Word of the Year

I toiled this year with my word of the year. So much has happened in the last few years, my husband and I have barely breathed. Each year, we seem to say--nothing big. No changes. And then something large happens. For our family, 2014 was a major year of change and rooting. This was my word of the year for 2014--ROOTS. As I had just moved to Central Pennsylvania, I wanted to plant some roots--both career-wise, friendships, colleagues, circles of women, roots for my children. There is nothing more rooting than birthing a child somewhere. It is now part of your being--the place. Your baby's home. This will be the only home Zachary will know, we think. That is powerful to imagine.

I grew up about an hour and half from where I now live. My parents are within an hour or two from me now, and the land, landscape, the trees feel like home.
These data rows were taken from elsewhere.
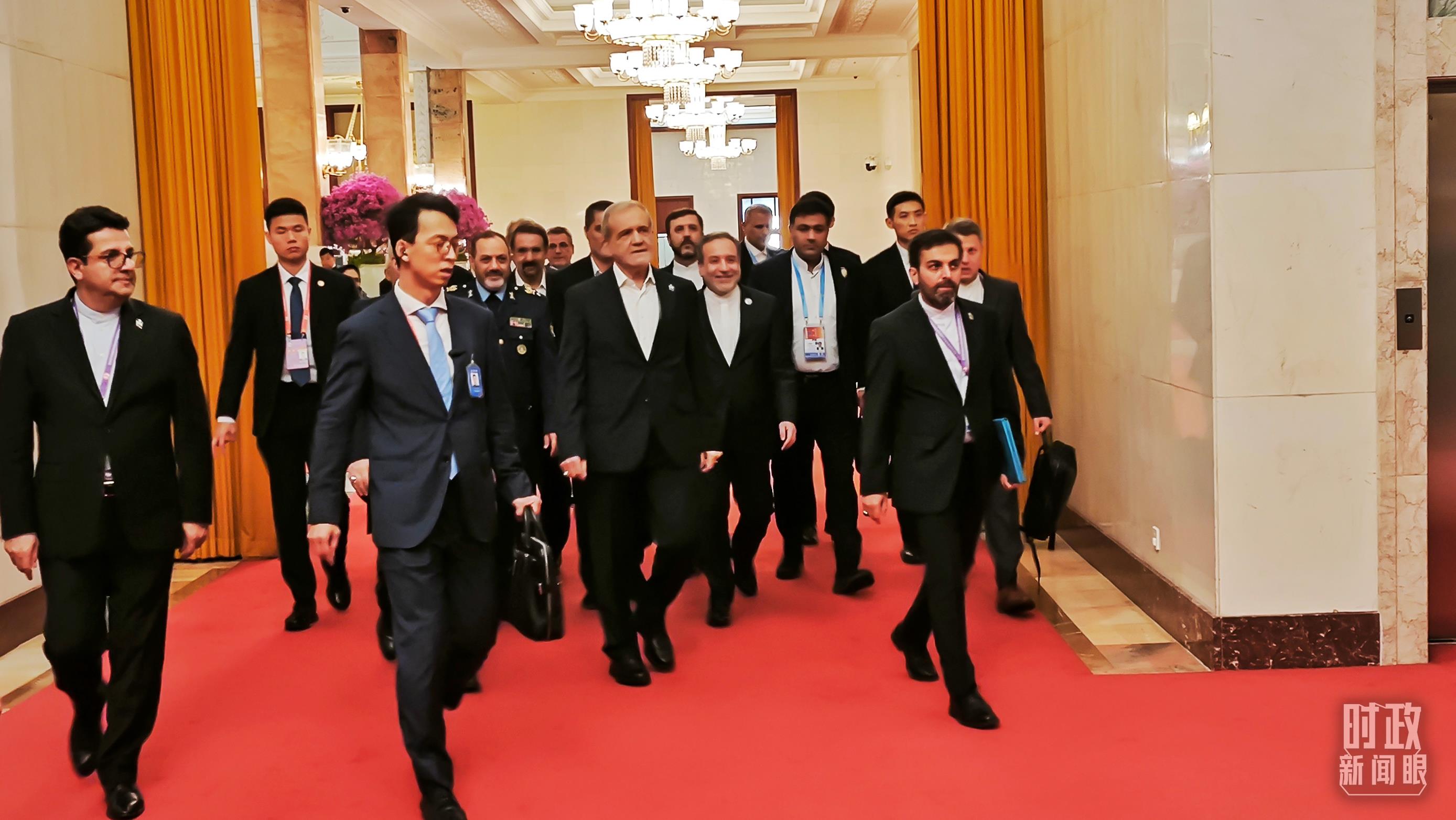 △伊朗總統(tǒng)佩澤希齊揚(yáng)走向會(huì)見(jiàn)廳。(總臺(tái)國(guó)廣記者蔡靖骉拍攝)
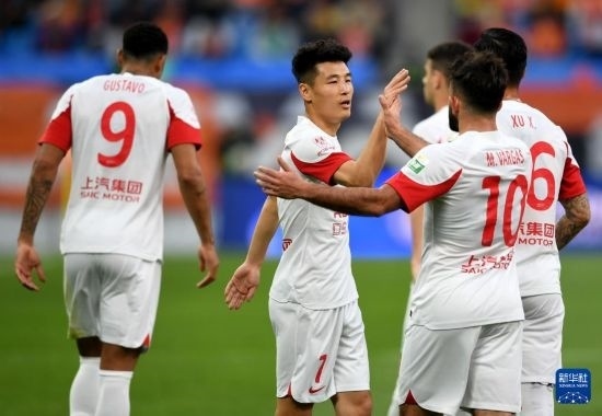 5月1日,上海海港隊球員古斯塔沃(中)在比賽中與隊友慶祝進(jìn)球。
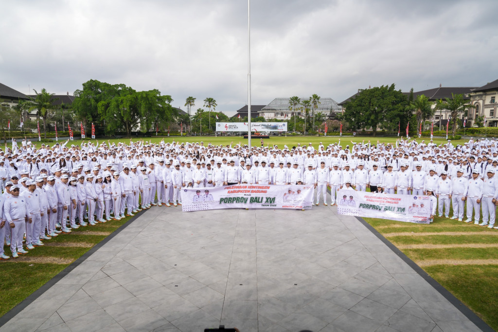 Bupati Badung l Wayan Adi Arnawa mengukuhkan serta melepas kontingen Kabupaten Badung dalam rangka PORPROV Bali XVI Tahun 2025 bertempat di Lapangan Puspem Badung, Jumat (15/8). Acara pengukuhan serta pelepasan ...
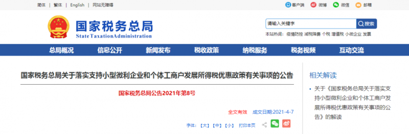代理記賬公司:近期,國家稅務(wù)總局發(fā)布了《關(guān)于落實(shí)支持小型微利企業(yè)和個(gè)體工商戶發(fā)展所得稅優(yōu)惠政策有關(guān)事項(xiàng)的公告》(國家稅務(wù)總局公告2021年第8號(hào),以下簡(jiǎn)稱《公告》)。
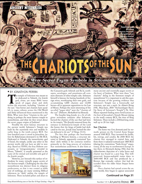 Posted on March 4, 2020September 29, 2020 by AReditorialDept The Chariots of the Sun The temple of Solomon was meant to be dedicated to Yahweh, the Jewish god, alone, yet many Bible verses speak… You must be logged in to view this content. Post navigationPrevious post: The Brownsville Skull: Case Not ClosedNext post: Where Are the Lost Machines?
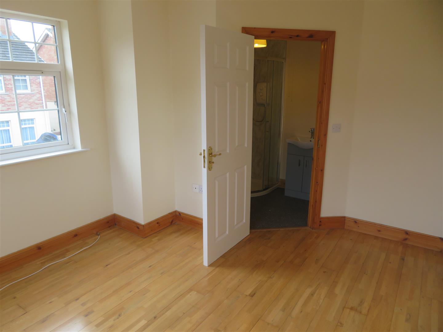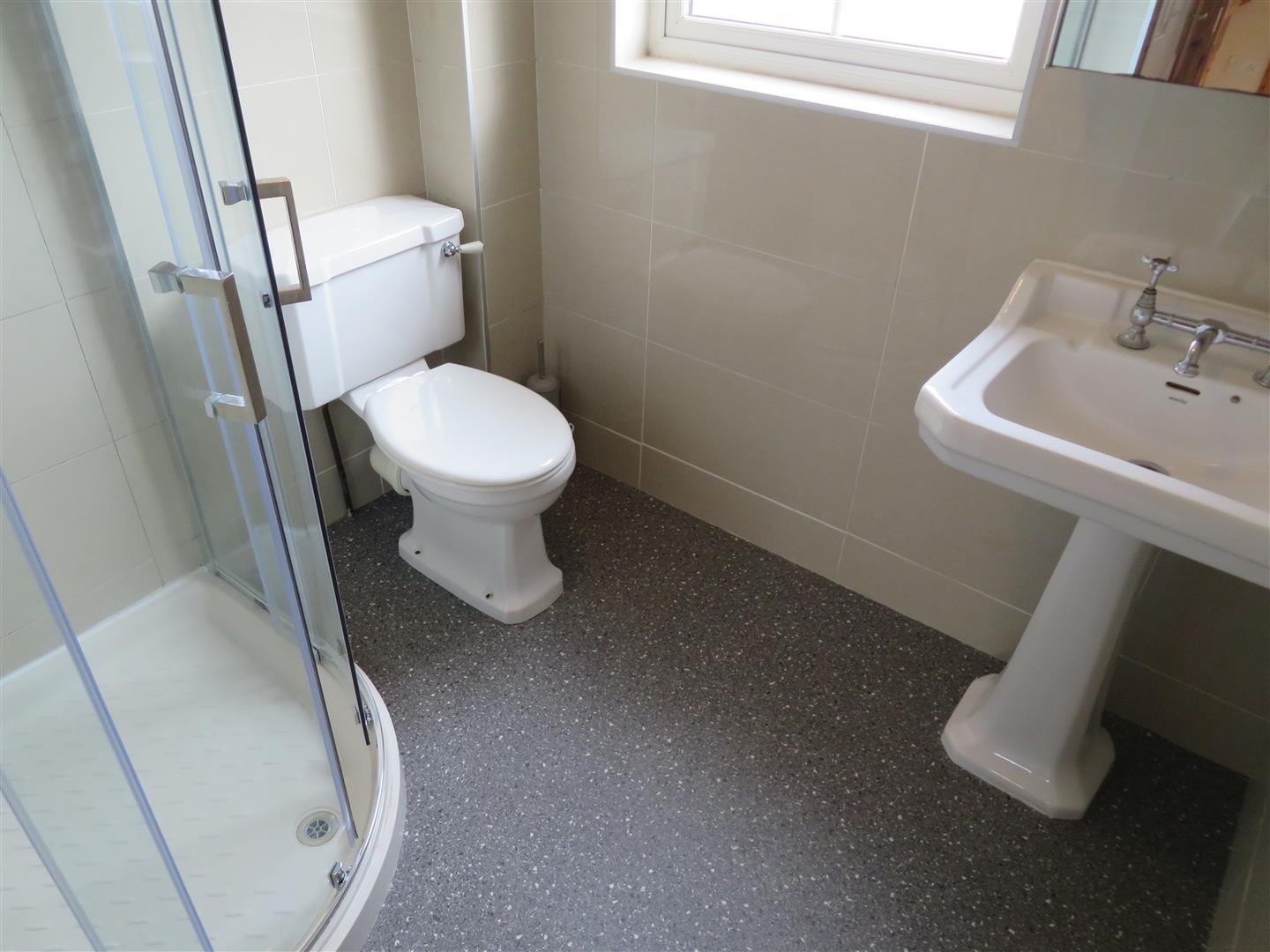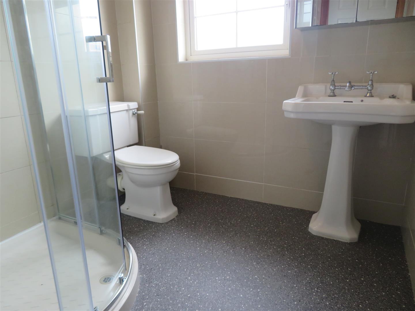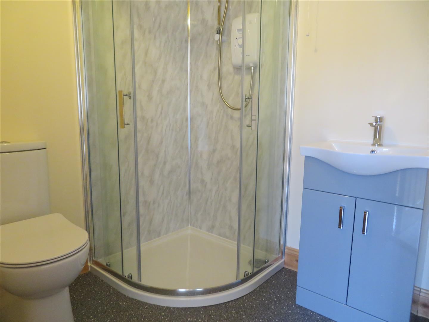 Brand new fitted suit comprising of WC, corner shower unit with electric shower and PVC paneling, wash hand basin with vanity unit. Vinyl flooring.
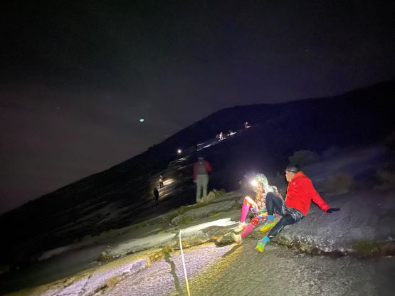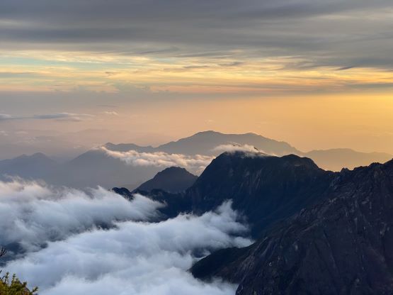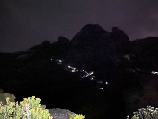 The other two woke up at 1:30 am to be ready to leave at 2:30 am, and that’s the time when everyone else would leave. We had communicated with the guide in the previous day that we wanted to leave later, and the agreement was 3:30 am. I would have called 4 am or even later, but the officials at the uppermost checkpoint would turn around anyone that hadn’t shown up at 5:30 am and we didn’t want to take any risk on that. It turned out that we were way earlier for that deadline and by that checkpoint we had already passed half of the gang ahead. Above the checkpoint the route traverses onto the endless granite slabs and a juicy rope had been fixed all the way to the summit. The terrain was mostly class 1 but the rope served nicely as a guideline in the dark. Adam and I on-purposely slowed down to the maximum possible extent as we sensed that we’d be summitting another important mountain in the dark, but we still ended up summitting in the dark about 1 hour before sunrise. There were several groups ahead of us and they opted to wait for the sunrise, so we would do the same. The only difference was that we didn’t bring enough warm layers. After about 20 minutes Adam gave up on the sunrise and went back down, but I managed to shiver through another half an hour until the show’s over. The correct starting time for us should be 4:30 am, 2 hours after the gang’s left. It’s also worth noting that the true summit boulder lies outside the fenced area behind the summit congratulation sign. I hopped over the fence to stand on the highest ground, but within a minute the guides (even from the different groups) forced me to go back in.
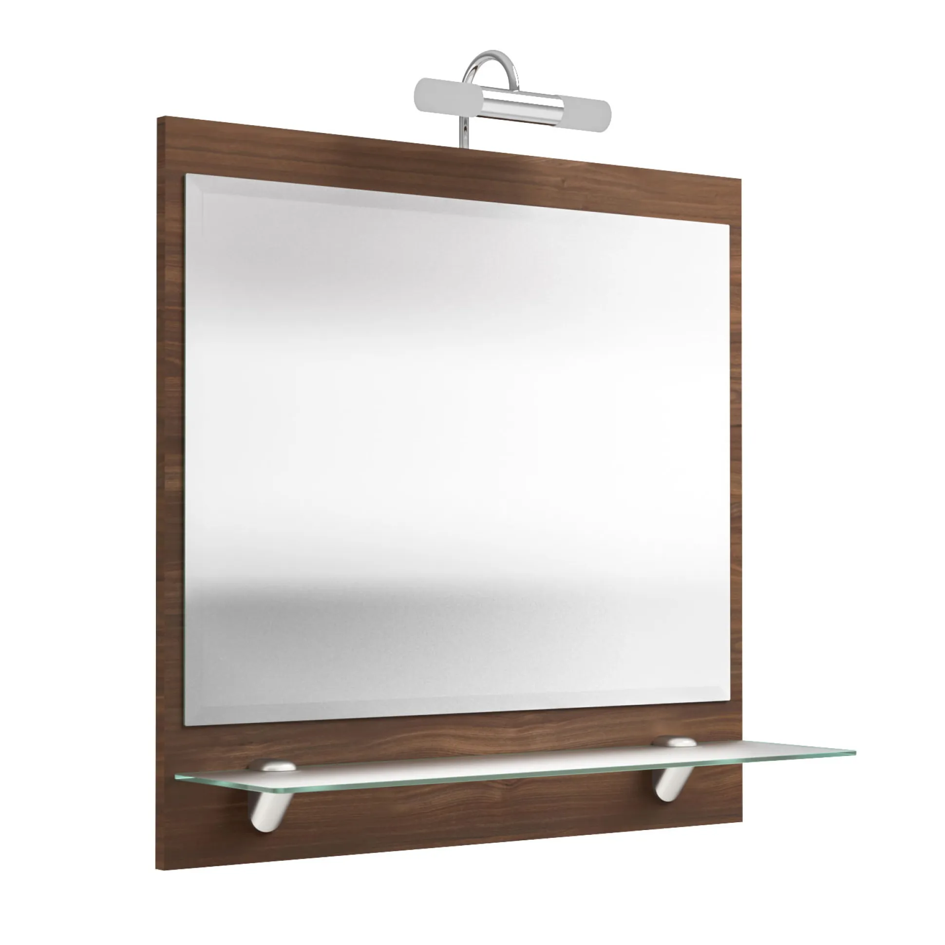 Door zijn platte design is deze spiegel een goed alternatief voor de conventionele spiegelkast. Om je spullen kwijt te kunnen is er een mat glazen plank aanwezig. Voor goed licht is er een chroomkleurige ledlamp op de spiegel gemonteerd van 2x 2,5 watt (4000K). Deze spiegel is 70cm breed, 68cm hoog en 22cm diep en verkrijgbaar in het wit, walnoot en antraciet.
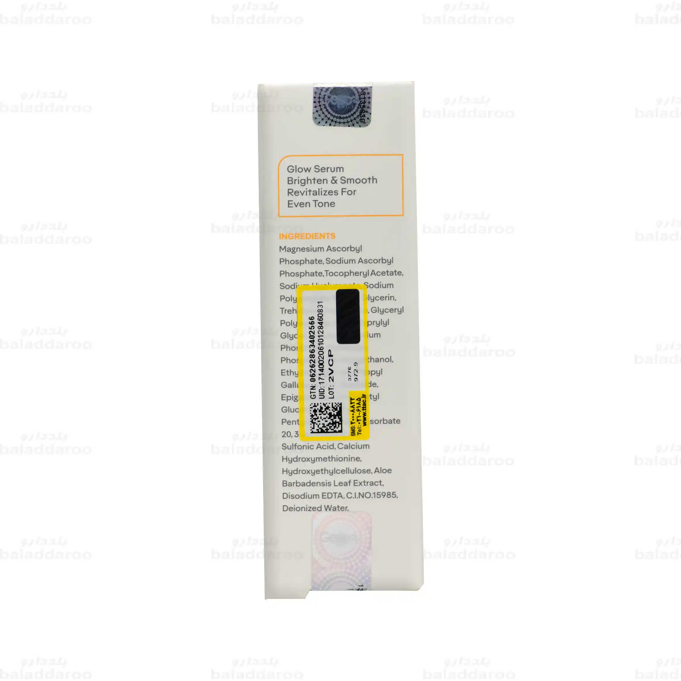 منیزیم آسکوربیل فسفات، سدیم آسکوربیل فسفات، توکوفریل استات، سدیم هیالورونات، نشاسته سدیم پلی آکریلات، گلیسیرین، ترهالوز، اوره سرین، گلیسریل پلی آکریلات، آلژین، کاپریلیل گلایکول، پولولان، دی سدیم فسفات، پتاسیم فسفات، فنوکسی اتانول، اتیل هگزیل گلیسیرین، پروپیل گالات، گالیل گلوکوزاید، اپی گالوکاتچین گالاتیل گلوکوزاید، پانتنول، پنتلینگلایکول، پلی سوربات 20، 3- آمینوپروپان سولفونیک اسید، کلسیم هیدروکسی متیونین، هیدروکسی اتیل سلولز، عصاره آلوئه ورا، دی سدیم ا.د.ت.ا، رنگ کد 15985، آب دیونیزه
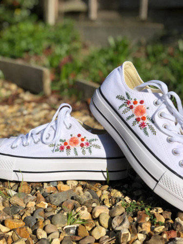کفش آل استار یا کانورس سفید گلدوزی شده با طرح گلهای ظریف_طراحی خاص و منحصربه فرد۳٬۹۲۰٬۰۰۰ تومان
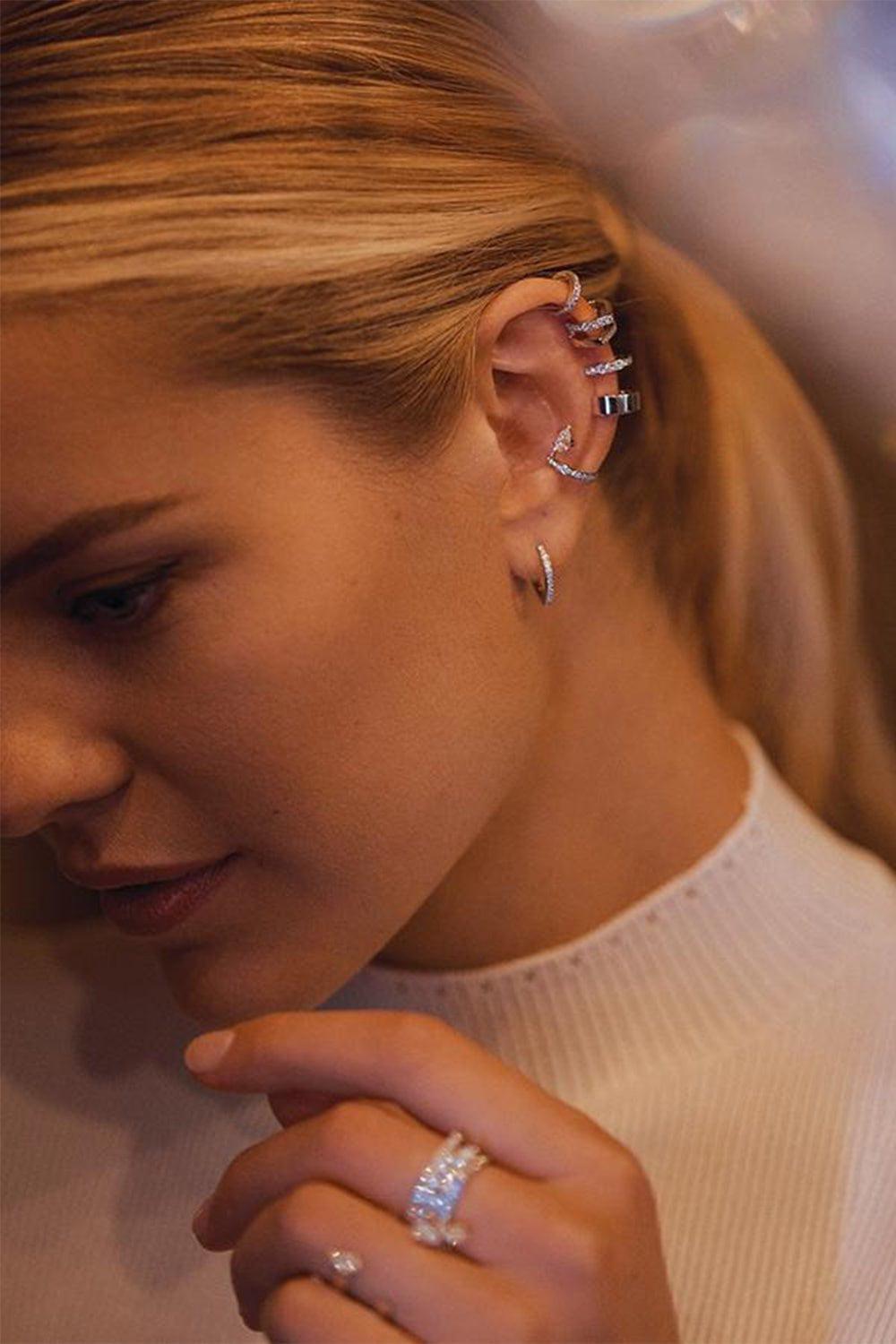 Repossi Antifer Off-Width earcuff with 2 rows and 1/3 paved in White Gold.

I know these rocks, the fields of corn and wheat, the horses which graze in our yard. I spent this year starting our farm. My feet dug into the earth of our small farm and roots began swirling in the loamy mix of new family soil. Nourished is how I felt, my nails dirty from the garden, and my knees sore from pulling weeds as we tended all these roots we planted. I couldn't imagine how this word would play out in my year. I found a home for my healing work at Alta View, and felt rooted there, held, nourished, supported. This year I considered the word blossoming...the natural growth from roots. Sprouting and blossoming is what I imagine this year being for me. But it is more, and the word didn't quite capture it.

I had a long list I started in early December of words I thought might capture this year. Austerity, fortitude, quiet, prudence...enough. WORTHY. Later I had narrowed it down to a few--integration, authenticity, acceptance, blossoming, mindful, utilize, enough, and resourceful.

See, here is the idea I am working with. I have spent the last few years taking classes like a dehydrated woman and wisdom was water. Classes on-line, circles of women, meditation circles, angel classes, oracle card creations, elemental workings, crystal certifications, reiki attunements. I am at a point that I am ready to take all this learning and turn it into teachings. Hell, I've been doing that this last few years, right? Working on clients, integrating my native wisdom, the teachings given to me and my creative fire into a unified healing style. If you have had a healing with me, you know I often do breath work, grab a rattle, use the hawk wing to draw energy, read Tarot, then place crystals on the body. I follow Spirit's guidance, and Spirit guided me to all these different classes.

All these classes and books are wonderful if you really sit with the work and allow it to integrate. Have I been sitting with it enough? I do my work, don't get me wrong, but I was going from one heavy deep class to the next. Your spirit needs quiet to process and integrate, and I wasn't giving myself that. I can be a workaholic. It has damaged relationships in the past, and this is another thing I have worked on the last few years--putting the phone down, writing less, living more, being present with my family. These on-line classes and workshops were heavy emotionally and spiritually. At some level, I wondered if they weren't punishing in some way. Maybe I needed to simply sit still, since sitting still is much harder for me that uncovering, explicating, talking about what is wrong with me. What if I could sit still and be comfortable with all this amazing work I have done this last few years?

The truth is I wonder if I have been collecting wisdom, like I once bought crystals and oracle cards. Is the collecting of wisdom materialistic? Or can it be? Can I look at this wisdom and integrate it, rather than simply catalogue it?  Can I live the beautiful lessons I have learned the last six years? See, I noticed something about myself a few years ago. When I felt empty, or sad, I went to the metaphysical bookstore or the crystal shop or a religious store, and bought something spiritual. A crystal that a book said would soothe my emotional state, or a statue of a goddess who helps with wisdom or sadness or whatever I needed. I was consuming spiritual things in a sadly materialistic way. When I quit drinking, I realized I could get addicted to anything--was I becoming addicted to the spiritual? I made a vow this year to watch my spending around crystals and spiritual things. I've done a decent job. Not perfect, but decent. But every class I crossed my FB feed, and caught my fancy, I took. "I definitely need to learn how to do that!" This year 2015, I thought I want to be mindful about consuming wisdom, and begin to trust that I have enough wisdom. I no longer have to BUY things so I am wise or open or spiritual. I have all that I need now. I am enough. ENOUGH.

What word embodied that? Well, you read my list of words, and as I searched for ways these words have worked in other people's lives, I saw the word REALIZE. Bam. This is it. This is my word. I have three books half finished in my computer. One untouched for about four years, and others that are waiting to their realization. I have paintings I want to paint, classes I want to teach. And so I see this word realize. I realize my ideas into actions/books/classes, my learnings into teachings, my teachings into healings, my healings into a living wage...to make the wisdom and spiritual and emotional real. And maybe most importantly, to realize how beautiful, wise, nurturing, loving, important, spiritual I am. To realize I am enough. To realize my path clearly. To walk it authentically is to me to REALIZE the true Angie in all her glory.

What is your word of the year? Why did you choose it?